Catherine se retrouve ainsi veuve avec 1 fils en bas âge, et enceinte de mon ancêtre Auguste MORISOT, qui naîtra le 18 plûviose an VIII.

Est-elle restée seule, s'est-elle remariée...? Aucune piste.
C'est là que s'arrête la dernière trace de Catherine....jusqu'à...
  • Son décès dans les Pyrénées...sous un faux nom!
Son fils, mon ancêtre Auguste Morisot, devenu tailleur d'habits à Rigny la Salle, se marie le 21 février 1828 à Barbe FILIER.`
Dans l'acte de mariage, est évoqué son père, Nicolas, et bien évidemment sa mère Catherine, qui est dite décédée, à Nay, département des Basses Pyrénées.

L'officier d'état civil précise que Catherine est enregistrée dans les actes de décès de cette commune sous le nom de SENVILLE (ou Seuville) au lieu de son propre nom qui est Monet.
Pourquoi est-elle décédée si loin de son domicile? et surtout sous un faux nom?

Etait-elle recherchée?

Les premières pistes recherchées
  • Son acte de décès dans les archives départementales des Hautes-Pyrénées
Catherine décède le 14 décembre 1818 à Nay à 4 heures du matin sous le nom déclaré de SENVILLE, dans la maison de Bonneville.
Les déclarants ne sont ni voisins, ni de la famille.
L'acte permet de corroborer les informations mentionnées dans l'acte de mariage de son fils, mais sans éléments supplémentaires malheureusement.
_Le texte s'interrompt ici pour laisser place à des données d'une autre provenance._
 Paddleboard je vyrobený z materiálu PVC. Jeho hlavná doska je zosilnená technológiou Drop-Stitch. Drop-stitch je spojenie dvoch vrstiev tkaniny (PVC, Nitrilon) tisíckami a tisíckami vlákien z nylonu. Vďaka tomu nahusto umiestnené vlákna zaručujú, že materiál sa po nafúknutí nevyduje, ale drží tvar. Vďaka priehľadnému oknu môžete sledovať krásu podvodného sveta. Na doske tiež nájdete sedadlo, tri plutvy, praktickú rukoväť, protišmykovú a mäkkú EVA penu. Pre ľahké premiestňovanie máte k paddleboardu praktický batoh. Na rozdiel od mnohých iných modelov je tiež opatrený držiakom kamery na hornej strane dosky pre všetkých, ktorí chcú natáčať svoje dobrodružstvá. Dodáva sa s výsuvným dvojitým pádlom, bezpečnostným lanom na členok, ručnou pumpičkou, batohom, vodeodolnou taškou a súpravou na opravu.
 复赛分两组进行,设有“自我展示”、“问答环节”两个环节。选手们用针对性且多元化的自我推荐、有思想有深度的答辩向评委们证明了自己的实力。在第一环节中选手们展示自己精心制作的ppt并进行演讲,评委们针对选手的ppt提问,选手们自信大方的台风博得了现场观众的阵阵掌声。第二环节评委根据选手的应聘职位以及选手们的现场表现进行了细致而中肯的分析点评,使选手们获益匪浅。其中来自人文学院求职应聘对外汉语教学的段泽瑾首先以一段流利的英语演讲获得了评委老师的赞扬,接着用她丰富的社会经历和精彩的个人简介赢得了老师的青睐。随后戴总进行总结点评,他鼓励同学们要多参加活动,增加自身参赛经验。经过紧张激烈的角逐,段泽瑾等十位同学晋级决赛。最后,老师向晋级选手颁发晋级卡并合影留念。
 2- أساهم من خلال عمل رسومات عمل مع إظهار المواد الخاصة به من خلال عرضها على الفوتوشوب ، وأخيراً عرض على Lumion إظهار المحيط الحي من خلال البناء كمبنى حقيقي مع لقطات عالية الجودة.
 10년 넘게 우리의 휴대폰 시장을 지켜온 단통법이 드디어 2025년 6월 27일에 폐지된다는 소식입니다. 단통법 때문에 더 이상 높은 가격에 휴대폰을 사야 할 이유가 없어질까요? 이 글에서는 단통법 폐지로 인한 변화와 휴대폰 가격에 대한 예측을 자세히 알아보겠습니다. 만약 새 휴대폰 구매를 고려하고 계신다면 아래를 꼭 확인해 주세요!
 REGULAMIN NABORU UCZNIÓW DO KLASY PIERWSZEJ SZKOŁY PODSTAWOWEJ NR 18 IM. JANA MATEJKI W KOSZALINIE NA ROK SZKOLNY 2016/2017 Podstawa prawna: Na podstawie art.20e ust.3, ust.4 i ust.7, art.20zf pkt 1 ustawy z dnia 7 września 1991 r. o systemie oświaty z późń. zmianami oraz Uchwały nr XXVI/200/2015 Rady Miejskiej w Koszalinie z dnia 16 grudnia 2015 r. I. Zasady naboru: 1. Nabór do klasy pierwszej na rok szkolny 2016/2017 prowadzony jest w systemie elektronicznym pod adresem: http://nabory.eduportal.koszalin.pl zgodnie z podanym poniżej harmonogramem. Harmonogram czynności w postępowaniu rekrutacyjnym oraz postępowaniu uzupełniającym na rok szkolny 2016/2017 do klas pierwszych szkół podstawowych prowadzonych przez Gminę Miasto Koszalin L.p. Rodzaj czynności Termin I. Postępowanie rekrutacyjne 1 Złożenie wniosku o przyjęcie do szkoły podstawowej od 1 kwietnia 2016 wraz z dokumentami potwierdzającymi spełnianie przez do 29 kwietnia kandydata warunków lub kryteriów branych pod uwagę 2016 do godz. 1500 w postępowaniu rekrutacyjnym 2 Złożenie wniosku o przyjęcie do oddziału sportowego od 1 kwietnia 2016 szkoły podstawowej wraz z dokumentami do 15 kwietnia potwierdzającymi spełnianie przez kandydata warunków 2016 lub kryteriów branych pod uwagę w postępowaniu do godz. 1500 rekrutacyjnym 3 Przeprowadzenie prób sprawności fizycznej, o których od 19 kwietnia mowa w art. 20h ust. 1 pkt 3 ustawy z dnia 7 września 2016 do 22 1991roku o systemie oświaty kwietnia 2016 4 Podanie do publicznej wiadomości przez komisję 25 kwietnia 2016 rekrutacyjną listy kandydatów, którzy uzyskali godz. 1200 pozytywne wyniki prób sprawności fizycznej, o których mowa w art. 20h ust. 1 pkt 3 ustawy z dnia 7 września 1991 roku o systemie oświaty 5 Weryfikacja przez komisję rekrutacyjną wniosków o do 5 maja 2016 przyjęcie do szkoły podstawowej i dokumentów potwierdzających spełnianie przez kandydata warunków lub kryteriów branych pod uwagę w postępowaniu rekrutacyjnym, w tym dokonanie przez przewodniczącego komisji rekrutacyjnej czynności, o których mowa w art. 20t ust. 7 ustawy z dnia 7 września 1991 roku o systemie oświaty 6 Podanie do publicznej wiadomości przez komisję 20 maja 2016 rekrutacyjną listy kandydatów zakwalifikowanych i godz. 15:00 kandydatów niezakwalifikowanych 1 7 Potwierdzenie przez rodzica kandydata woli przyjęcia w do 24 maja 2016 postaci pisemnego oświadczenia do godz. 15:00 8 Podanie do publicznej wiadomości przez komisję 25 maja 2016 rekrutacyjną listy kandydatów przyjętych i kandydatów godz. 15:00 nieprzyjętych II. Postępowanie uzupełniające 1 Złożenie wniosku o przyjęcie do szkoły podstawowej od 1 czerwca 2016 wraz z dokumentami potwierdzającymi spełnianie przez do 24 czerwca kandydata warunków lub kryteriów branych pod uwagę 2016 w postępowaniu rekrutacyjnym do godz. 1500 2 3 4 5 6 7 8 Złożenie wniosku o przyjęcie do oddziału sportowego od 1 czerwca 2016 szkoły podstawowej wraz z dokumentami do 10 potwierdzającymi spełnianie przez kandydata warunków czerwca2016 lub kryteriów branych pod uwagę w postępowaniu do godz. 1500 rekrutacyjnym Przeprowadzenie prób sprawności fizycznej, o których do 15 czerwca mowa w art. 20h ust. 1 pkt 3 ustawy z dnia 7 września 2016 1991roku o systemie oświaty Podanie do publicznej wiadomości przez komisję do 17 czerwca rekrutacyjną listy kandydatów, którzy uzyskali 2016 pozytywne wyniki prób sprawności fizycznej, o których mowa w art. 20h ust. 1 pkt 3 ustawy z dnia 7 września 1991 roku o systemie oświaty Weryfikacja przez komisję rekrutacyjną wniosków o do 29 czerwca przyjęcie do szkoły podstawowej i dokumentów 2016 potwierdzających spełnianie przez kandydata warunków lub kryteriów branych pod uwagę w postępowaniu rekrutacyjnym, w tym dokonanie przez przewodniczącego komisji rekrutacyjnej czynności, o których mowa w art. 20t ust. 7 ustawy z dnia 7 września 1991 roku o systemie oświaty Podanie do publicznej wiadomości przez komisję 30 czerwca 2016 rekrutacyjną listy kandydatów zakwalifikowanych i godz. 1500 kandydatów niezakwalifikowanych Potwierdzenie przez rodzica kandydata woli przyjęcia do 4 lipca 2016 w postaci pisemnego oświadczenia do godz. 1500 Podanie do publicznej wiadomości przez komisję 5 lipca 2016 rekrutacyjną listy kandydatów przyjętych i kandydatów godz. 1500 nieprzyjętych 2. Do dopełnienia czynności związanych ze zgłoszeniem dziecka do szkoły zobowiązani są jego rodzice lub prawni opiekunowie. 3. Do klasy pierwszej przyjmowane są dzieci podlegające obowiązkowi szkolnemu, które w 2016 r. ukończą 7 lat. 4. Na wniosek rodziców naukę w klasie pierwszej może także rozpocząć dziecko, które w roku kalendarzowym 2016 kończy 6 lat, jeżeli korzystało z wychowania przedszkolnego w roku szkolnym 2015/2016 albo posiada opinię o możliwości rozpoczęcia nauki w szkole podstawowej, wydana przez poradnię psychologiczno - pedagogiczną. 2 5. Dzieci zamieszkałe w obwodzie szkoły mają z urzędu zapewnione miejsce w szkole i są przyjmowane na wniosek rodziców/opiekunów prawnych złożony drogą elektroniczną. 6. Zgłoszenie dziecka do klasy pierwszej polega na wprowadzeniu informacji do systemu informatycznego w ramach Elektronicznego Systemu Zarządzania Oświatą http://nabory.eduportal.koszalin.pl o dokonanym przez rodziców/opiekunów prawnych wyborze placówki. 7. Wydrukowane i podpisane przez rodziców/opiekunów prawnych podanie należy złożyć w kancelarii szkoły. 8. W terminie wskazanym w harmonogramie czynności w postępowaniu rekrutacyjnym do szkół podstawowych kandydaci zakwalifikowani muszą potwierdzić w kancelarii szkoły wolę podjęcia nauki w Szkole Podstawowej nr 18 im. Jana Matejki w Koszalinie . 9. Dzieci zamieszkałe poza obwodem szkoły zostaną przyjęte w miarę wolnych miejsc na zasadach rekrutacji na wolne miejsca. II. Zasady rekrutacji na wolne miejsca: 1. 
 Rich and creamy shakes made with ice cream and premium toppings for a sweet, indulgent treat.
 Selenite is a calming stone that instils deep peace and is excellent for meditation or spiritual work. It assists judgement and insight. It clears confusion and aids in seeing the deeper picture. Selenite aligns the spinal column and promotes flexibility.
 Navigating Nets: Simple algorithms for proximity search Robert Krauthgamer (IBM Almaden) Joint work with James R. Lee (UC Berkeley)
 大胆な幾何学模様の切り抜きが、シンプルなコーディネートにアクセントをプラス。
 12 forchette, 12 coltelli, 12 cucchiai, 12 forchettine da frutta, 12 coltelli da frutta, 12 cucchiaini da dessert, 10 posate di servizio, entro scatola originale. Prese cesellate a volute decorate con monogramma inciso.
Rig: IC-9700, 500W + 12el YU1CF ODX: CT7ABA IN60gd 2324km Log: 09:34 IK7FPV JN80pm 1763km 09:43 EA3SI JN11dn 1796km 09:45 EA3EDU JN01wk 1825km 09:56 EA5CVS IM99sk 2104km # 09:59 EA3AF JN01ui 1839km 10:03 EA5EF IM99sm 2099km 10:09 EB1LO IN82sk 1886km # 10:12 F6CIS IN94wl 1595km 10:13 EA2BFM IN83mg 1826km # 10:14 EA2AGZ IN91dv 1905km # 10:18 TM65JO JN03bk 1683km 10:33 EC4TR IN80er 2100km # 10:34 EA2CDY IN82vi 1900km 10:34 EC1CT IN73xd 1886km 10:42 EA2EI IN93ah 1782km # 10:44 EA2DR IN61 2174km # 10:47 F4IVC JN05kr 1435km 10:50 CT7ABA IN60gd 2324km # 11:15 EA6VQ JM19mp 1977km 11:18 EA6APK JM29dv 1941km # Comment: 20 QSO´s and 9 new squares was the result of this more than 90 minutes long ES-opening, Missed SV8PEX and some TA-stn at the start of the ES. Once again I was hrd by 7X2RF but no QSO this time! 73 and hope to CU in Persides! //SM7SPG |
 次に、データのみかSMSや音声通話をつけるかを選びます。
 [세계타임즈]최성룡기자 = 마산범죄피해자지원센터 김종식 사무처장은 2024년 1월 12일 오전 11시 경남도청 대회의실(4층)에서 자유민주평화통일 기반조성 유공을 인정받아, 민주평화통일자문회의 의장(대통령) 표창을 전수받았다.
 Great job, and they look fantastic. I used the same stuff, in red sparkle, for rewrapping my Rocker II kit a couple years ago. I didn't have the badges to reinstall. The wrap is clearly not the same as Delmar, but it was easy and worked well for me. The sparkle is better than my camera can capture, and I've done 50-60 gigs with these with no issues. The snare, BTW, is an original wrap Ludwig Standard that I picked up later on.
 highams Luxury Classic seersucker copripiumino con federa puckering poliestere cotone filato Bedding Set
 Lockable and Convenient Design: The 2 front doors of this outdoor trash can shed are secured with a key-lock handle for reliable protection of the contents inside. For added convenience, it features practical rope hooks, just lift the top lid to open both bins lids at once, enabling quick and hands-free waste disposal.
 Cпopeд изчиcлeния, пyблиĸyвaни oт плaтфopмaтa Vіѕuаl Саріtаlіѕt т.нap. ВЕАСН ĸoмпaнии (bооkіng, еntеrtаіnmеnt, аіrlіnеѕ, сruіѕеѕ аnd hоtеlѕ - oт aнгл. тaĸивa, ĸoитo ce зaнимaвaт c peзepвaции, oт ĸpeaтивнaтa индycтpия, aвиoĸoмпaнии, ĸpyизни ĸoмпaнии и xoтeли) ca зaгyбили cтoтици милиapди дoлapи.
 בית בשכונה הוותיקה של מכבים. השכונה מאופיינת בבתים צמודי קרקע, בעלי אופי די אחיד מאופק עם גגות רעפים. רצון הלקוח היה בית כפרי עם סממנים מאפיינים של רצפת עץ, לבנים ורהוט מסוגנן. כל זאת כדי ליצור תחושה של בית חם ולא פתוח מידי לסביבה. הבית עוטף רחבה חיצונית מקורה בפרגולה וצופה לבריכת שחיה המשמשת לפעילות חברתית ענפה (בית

  • Autre piste : la recherche de sa déclaration de succession
Isabelle Louradour (@genealogie64), présidente de l'association "Gen&O" (Généalogie & Origines au Pays Basque) a eu la gentillesse de rechercher aux archives de ce département si une déclaration de mutation après décès avait été effectuée.

Ma plus grande crainte s'est réalisée : Catherine n'avait pas de biens donc pas de mutation, et donc d'héritiers à recherche et à déclarer ! Malheureusement cette piste se ferme.
Si Catherine s'était remariée, son époux aurait été évoqué dans la déclaration ou dans son acte de décès.
  • Piste éventuelle : qu'est devenu son 1er fils : François Morisot, né en 1797 ? 
François Morisot était né le 11 août 1797 alors qu'elle n'était pas encore marié à son patron, père naturel de l'enfant.

François l'a peut-être accompagné dans son périple? Qu'est-il devenu?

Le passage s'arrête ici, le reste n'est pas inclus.